Given data -
---*---
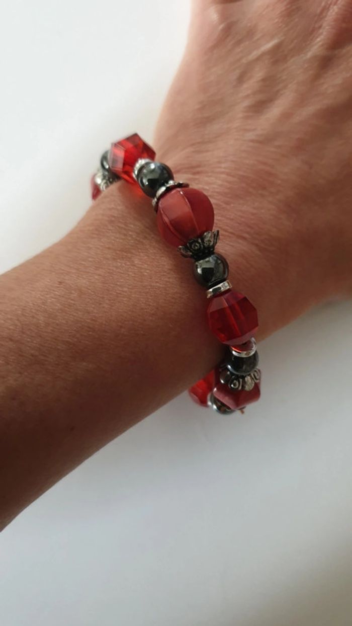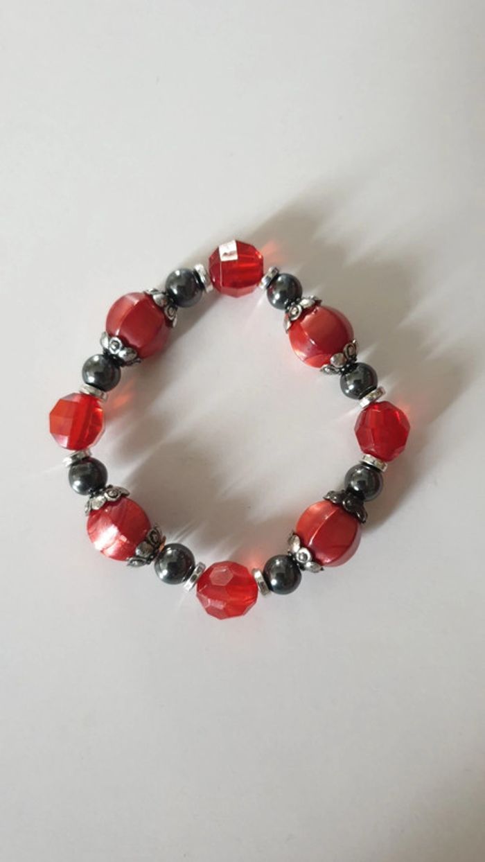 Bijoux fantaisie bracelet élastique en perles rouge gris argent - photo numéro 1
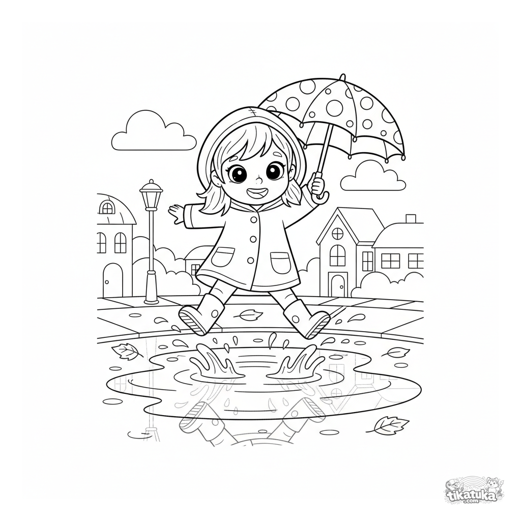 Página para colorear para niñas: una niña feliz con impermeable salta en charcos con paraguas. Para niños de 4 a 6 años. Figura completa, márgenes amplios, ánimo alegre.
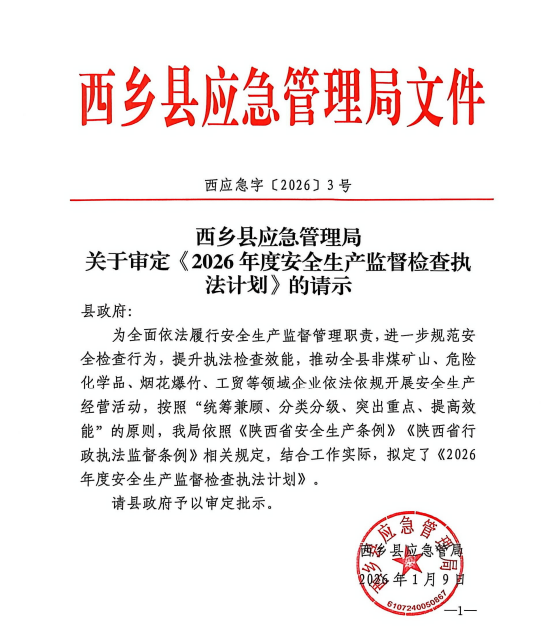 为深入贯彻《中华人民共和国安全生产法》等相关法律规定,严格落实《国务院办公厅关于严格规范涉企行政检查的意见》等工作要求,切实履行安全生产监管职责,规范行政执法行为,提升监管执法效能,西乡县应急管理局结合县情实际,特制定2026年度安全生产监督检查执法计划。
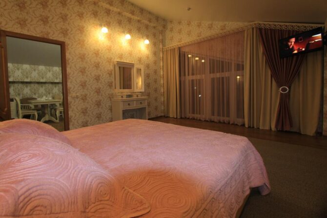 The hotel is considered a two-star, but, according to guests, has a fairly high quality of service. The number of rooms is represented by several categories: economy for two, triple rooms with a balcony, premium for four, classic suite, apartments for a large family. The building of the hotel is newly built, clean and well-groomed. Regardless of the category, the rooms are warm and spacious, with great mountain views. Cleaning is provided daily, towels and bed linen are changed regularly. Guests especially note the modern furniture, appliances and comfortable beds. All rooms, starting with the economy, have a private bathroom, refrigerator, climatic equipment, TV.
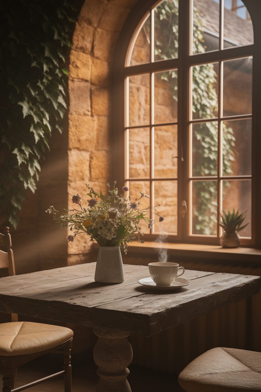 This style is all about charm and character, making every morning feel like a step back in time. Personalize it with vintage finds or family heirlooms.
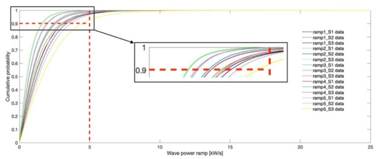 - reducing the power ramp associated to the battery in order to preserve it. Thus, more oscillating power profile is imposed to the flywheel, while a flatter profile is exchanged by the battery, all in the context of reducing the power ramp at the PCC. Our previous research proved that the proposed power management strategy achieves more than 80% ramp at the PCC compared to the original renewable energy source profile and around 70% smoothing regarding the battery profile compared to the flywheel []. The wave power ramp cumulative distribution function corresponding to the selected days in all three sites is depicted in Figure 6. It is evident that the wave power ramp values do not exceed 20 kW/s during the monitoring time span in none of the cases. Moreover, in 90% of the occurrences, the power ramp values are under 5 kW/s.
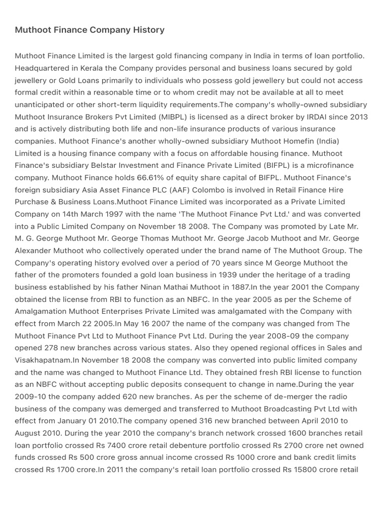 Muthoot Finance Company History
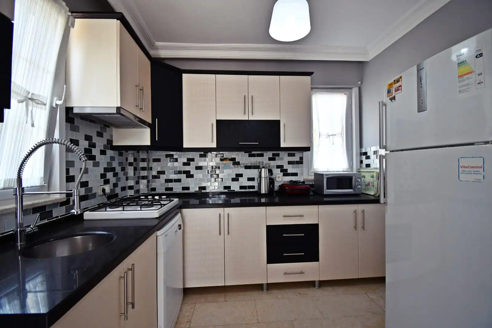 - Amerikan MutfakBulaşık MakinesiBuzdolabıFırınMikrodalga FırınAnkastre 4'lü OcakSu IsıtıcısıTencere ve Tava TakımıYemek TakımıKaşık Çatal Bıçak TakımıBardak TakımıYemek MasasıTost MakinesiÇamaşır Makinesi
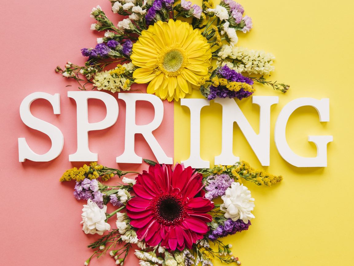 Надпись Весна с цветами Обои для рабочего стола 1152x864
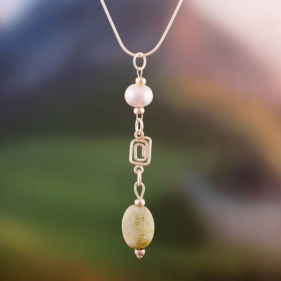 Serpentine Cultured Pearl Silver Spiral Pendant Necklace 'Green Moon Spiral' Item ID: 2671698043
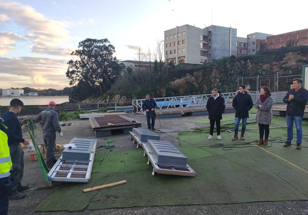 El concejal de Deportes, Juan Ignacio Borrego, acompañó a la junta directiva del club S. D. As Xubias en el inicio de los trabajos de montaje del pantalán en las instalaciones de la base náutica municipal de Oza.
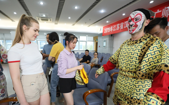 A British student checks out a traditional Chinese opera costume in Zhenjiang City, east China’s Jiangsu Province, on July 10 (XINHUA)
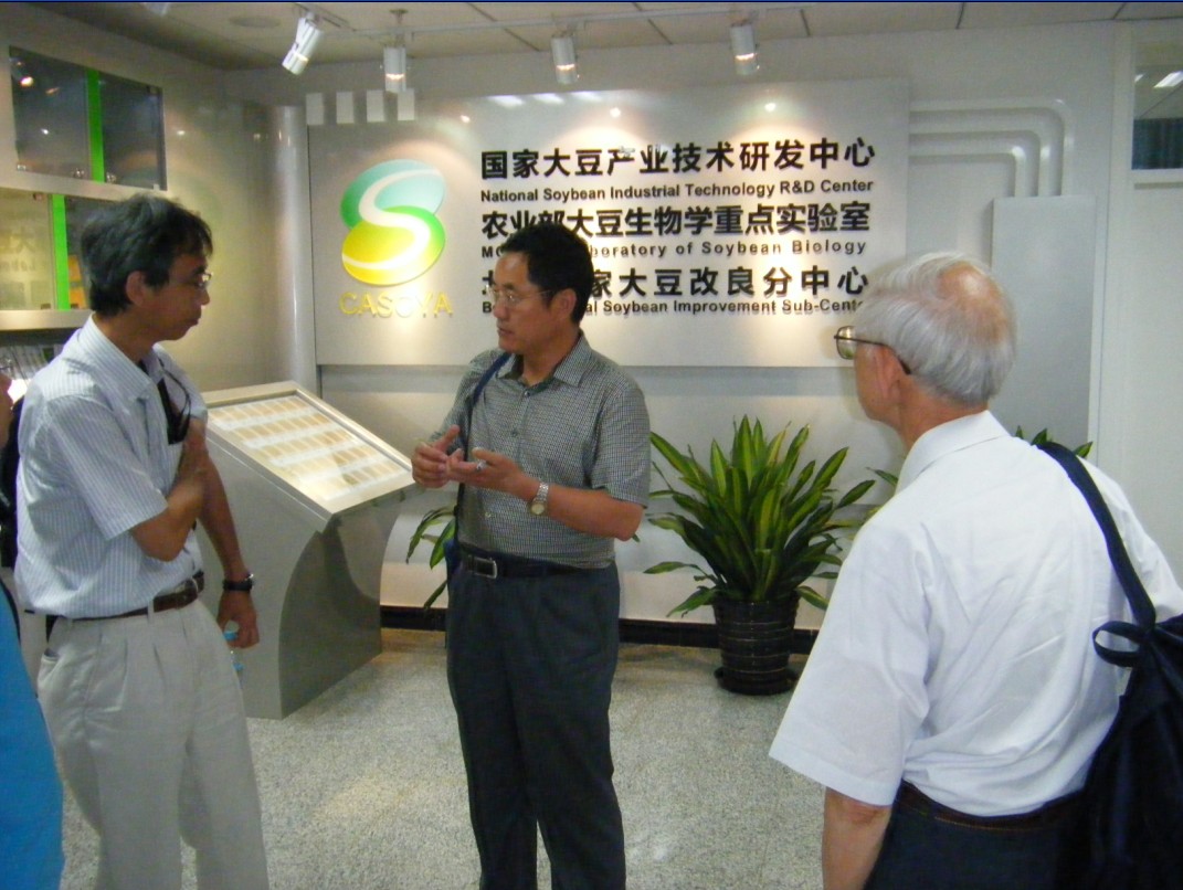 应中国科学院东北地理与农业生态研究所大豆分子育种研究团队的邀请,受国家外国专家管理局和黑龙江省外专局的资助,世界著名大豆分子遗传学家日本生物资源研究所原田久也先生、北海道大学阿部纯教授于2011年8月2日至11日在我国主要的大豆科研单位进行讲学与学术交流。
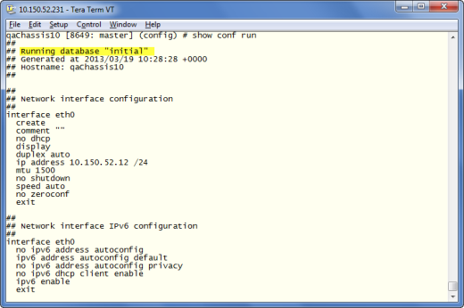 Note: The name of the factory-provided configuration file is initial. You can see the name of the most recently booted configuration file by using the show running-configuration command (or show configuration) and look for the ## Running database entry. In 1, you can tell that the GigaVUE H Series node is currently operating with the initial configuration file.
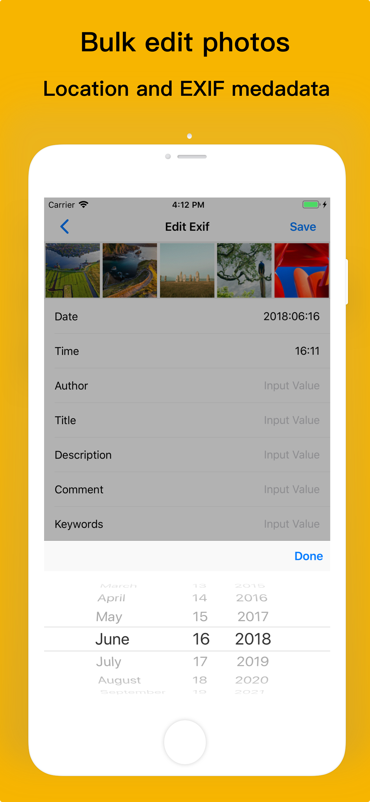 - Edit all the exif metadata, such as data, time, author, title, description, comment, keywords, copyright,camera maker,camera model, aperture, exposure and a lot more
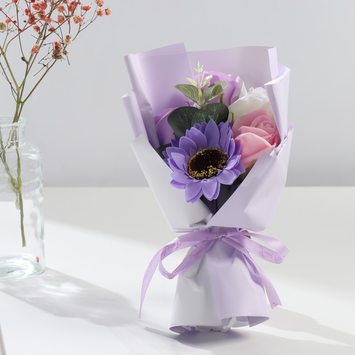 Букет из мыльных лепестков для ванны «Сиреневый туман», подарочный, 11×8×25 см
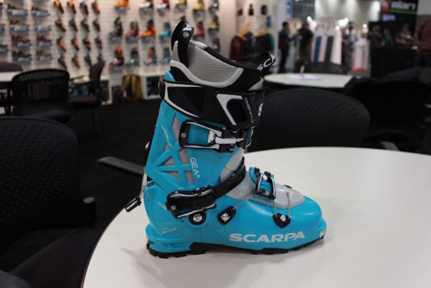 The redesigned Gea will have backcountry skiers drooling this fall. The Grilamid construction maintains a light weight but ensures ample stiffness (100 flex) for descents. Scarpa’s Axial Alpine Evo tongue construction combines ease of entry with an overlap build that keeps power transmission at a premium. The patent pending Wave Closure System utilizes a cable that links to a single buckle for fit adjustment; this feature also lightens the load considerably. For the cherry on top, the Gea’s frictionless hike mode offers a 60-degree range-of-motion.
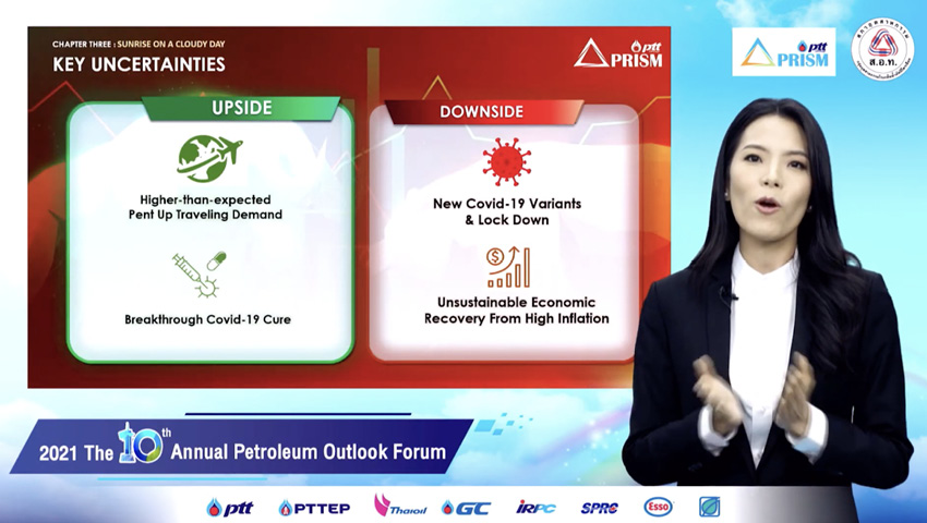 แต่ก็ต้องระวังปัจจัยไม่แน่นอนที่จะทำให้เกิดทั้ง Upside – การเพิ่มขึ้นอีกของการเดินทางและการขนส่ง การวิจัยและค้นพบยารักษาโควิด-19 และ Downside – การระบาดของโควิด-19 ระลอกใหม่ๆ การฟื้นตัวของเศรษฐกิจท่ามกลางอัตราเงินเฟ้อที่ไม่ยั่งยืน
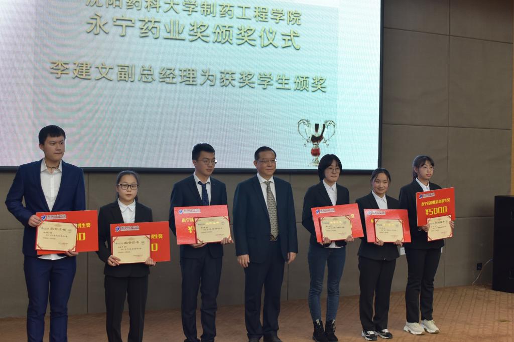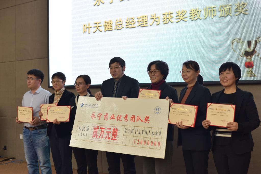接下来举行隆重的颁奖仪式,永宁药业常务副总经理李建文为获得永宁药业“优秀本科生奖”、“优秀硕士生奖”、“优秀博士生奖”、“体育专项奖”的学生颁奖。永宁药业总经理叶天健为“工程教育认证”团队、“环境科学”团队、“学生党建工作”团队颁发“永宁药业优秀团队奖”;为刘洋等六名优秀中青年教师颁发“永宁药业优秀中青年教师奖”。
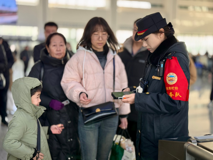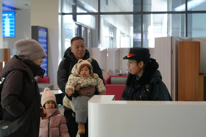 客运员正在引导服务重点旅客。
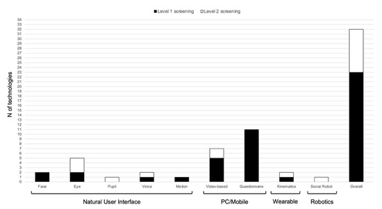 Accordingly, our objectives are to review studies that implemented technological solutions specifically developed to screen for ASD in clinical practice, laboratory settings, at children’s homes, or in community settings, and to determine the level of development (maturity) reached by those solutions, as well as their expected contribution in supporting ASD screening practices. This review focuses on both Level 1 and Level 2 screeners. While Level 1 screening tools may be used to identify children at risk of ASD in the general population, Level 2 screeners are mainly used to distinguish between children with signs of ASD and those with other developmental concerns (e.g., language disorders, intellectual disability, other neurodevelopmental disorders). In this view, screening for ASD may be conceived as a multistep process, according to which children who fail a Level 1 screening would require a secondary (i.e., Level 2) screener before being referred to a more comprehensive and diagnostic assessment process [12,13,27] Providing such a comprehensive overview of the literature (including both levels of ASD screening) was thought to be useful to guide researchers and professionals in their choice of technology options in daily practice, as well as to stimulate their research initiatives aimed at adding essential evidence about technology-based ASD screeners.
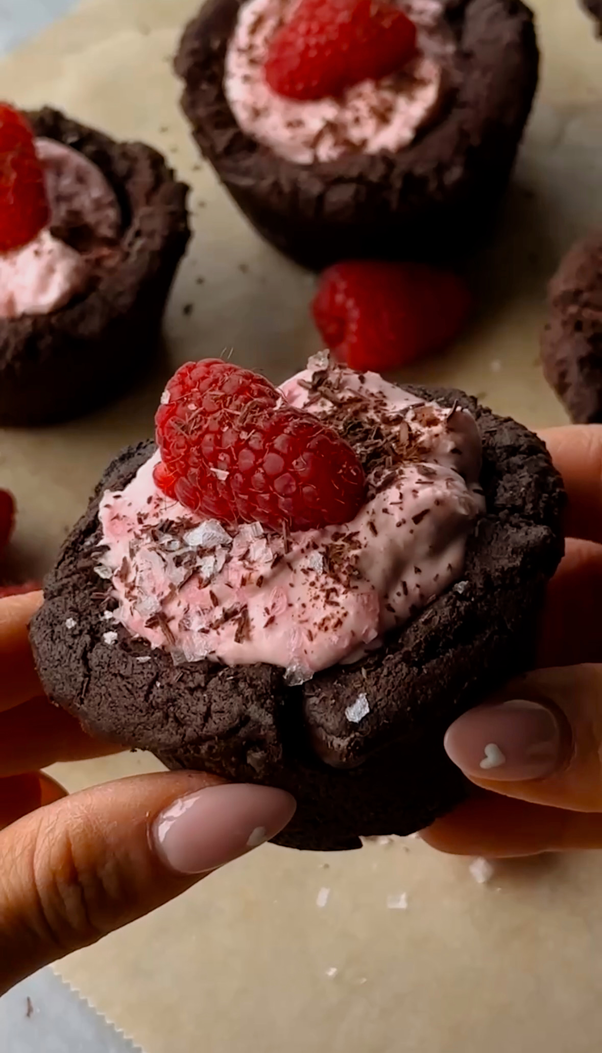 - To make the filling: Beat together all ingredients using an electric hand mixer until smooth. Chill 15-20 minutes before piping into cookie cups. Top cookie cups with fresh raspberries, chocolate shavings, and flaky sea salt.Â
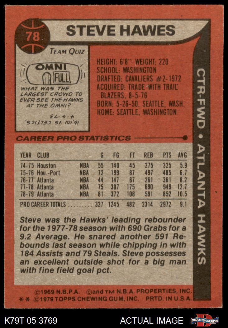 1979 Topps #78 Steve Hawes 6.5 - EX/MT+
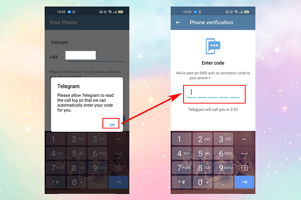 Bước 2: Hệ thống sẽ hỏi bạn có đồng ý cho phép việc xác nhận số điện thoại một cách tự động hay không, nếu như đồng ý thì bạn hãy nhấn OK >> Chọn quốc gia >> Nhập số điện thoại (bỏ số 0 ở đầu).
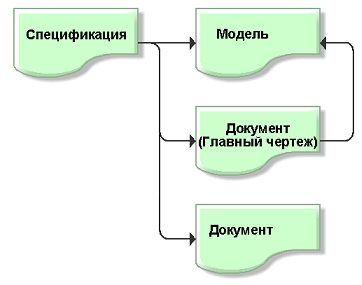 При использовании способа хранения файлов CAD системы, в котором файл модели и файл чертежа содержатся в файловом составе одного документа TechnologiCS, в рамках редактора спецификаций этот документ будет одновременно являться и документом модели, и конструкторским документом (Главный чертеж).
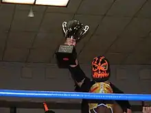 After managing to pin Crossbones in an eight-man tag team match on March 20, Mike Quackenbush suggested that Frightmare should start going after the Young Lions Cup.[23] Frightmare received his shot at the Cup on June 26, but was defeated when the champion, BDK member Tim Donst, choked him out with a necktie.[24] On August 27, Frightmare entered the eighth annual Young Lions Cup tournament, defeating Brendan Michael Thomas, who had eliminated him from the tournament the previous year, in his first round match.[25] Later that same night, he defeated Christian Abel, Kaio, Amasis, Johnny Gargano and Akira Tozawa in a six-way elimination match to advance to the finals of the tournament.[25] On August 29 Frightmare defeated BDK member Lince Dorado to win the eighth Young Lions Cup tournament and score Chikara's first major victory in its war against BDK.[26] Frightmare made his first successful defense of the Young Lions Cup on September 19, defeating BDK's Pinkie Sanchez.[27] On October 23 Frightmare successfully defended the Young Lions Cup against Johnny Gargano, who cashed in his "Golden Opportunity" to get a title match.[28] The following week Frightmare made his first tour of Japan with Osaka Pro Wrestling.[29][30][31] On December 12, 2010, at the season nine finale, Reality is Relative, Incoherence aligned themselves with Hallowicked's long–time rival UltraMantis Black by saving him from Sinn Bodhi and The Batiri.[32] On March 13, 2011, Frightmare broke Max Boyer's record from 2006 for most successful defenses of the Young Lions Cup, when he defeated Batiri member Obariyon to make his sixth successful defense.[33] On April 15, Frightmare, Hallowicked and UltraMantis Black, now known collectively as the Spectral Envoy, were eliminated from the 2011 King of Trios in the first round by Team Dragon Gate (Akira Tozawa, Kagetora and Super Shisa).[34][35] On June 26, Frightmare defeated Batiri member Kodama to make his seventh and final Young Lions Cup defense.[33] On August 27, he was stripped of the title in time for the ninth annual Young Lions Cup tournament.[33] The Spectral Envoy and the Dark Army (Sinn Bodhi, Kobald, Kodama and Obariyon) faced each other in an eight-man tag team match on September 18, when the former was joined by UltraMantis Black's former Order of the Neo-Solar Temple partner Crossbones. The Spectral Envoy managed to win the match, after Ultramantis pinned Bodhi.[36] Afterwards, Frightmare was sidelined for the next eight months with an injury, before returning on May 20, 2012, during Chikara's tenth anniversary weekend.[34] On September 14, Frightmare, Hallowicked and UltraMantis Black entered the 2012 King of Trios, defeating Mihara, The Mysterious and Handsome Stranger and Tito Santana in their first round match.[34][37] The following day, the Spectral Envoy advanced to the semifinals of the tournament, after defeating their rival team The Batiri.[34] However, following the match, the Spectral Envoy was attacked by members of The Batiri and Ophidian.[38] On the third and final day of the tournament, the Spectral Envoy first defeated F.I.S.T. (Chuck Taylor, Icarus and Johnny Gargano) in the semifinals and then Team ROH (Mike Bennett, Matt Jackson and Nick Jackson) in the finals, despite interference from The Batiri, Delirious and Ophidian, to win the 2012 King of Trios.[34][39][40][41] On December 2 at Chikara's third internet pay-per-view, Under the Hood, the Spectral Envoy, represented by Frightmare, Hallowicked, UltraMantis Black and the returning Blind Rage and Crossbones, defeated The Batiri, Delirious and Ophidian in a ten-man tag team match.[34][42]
---*---
Brief - Leave the pictures out and repeat exactly the lines from the beginning of the records to the line bearing "为深入贯彻《中华人民共和国安", both ends counted.

Reply to the task -
 Bijoux fantaisie bracelet élastique en perles rouge gris argent - photo numéro 1
 Página para colorear para niñas: una niña feliz con impermeable salta en charcos con paraguas. Para niños de 4 a 6 años. Figura completa, márgenes amplios, ánimo alegre.
 为深入贯彻《中华人民共和国安全生产法》等相关法律规定,严格落实《国务院办公厅关于严格规范涉企行政检查的意见》等工作要求,切实履行安全生产监管职责,规范行政执法行为,提升监管执法效能,西乡县应急管理局结合县情实际,特制定2026年度安全生产监督检查执法计划。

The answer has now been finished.